*** Entries shown ***
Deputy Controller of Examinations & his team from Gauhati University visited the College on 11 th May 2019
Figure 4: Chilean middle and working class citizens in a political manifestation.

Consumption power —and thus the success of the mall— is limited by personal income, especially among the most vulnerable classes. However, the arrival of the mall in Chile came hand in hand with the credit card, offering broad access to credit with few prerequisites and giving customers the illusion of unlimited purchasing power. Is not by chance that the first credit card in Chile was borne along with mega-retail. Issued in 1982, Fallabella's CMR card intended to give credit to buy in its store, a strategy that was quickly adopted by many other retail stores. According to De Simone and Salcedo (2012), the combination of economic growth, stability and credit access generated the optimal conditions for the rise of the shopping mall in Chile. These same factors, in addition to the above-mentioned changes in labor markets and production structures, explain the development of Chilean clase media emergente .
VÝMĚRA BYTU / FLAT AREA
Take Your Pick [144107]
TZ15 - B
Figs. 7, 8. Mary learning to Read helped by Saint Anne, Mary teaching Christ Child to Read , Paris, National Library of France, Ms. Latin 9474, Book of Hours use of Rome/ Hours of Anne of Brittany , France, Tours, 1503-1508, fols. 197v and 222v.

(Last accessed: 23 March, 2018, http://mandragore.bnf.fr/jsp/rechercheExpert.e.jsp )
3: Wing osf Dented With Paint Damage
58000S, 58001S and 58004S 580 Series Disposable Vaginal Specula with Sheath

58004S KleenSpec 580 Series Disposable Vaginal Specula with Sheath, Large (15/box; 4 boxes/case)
***
*** Entries shown ***
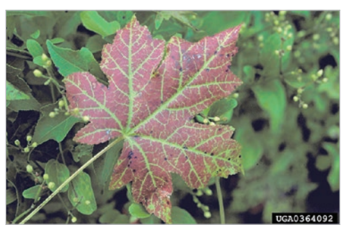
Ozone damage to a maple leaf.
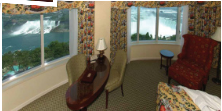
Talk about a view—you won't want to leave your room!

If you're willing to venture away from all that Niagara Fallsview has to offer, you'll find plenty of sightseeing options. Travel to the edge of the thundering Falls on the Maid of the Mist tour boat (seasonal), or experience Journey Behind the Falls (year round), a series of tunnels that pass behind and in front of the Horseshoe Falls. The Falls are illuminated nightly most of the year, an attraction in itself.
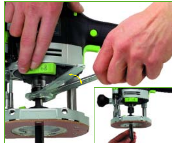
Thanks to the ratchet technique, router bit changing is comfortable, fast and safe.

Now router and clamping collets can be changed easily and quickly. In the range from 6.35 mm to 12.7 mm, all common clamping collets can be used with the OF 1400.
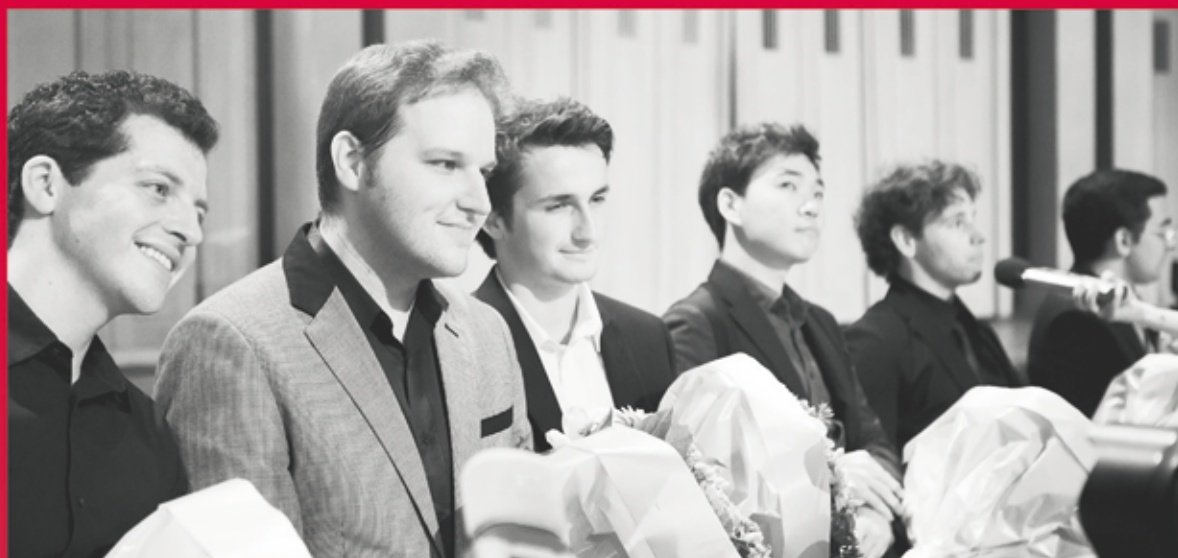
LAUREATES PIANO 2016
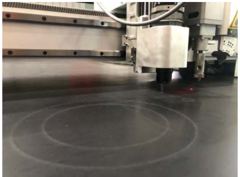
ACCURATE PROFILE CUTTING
***
*** Entries shown ***
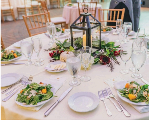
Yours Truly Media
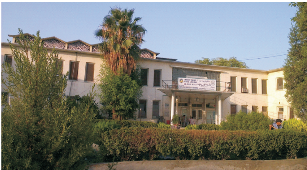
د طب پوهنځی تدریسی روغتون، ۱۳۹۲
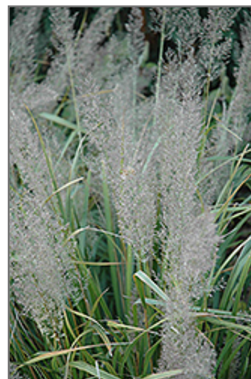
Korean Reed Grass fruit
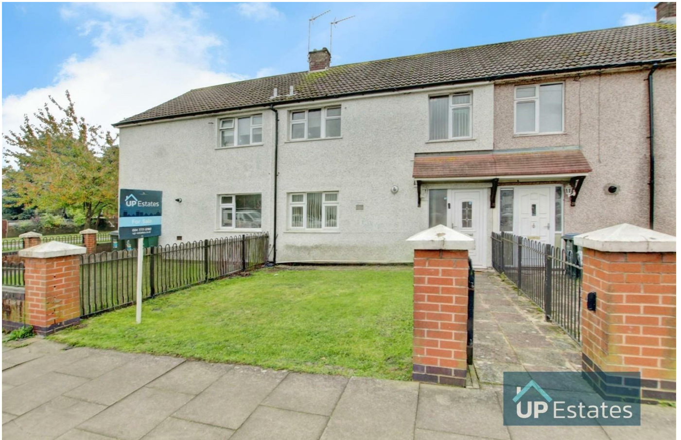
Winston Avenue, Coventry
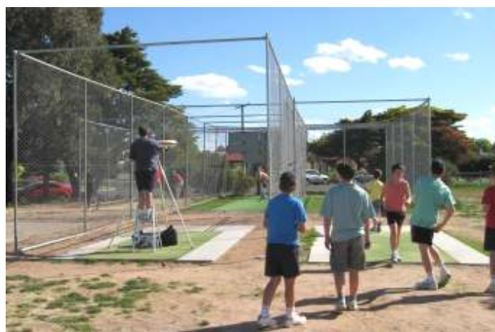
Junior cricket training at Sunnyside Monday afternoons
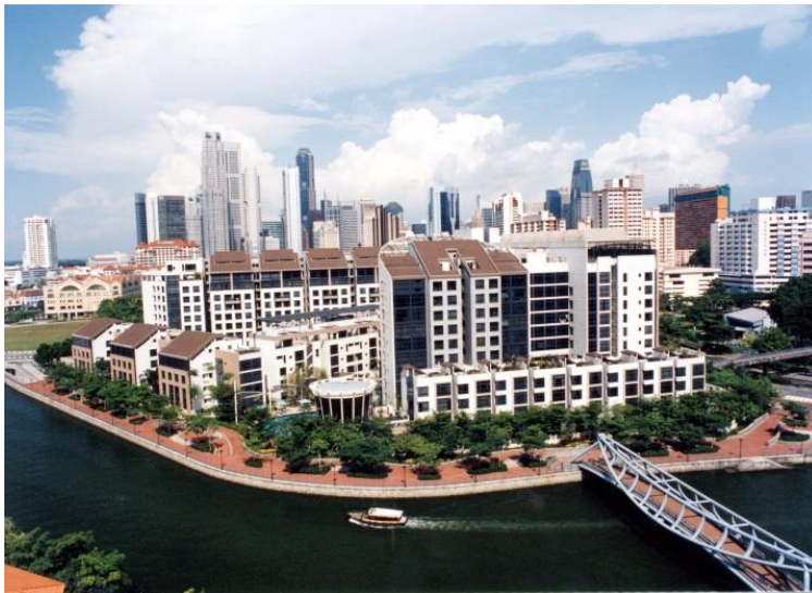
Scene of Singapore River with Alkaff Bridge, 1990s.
***
Exercise details » Output, from the data above, the lines from the line with "Deputy Controller of" to the line with "Figure 4: Chilean" exactly as they stand, both ends included and nothing else.

Exercise output »
Deputy Controller of Examinations & his team from Gauhati University visited the College on 11 th May 2019
Figure 4: Chilean middle and working class citizens in a political manifestation.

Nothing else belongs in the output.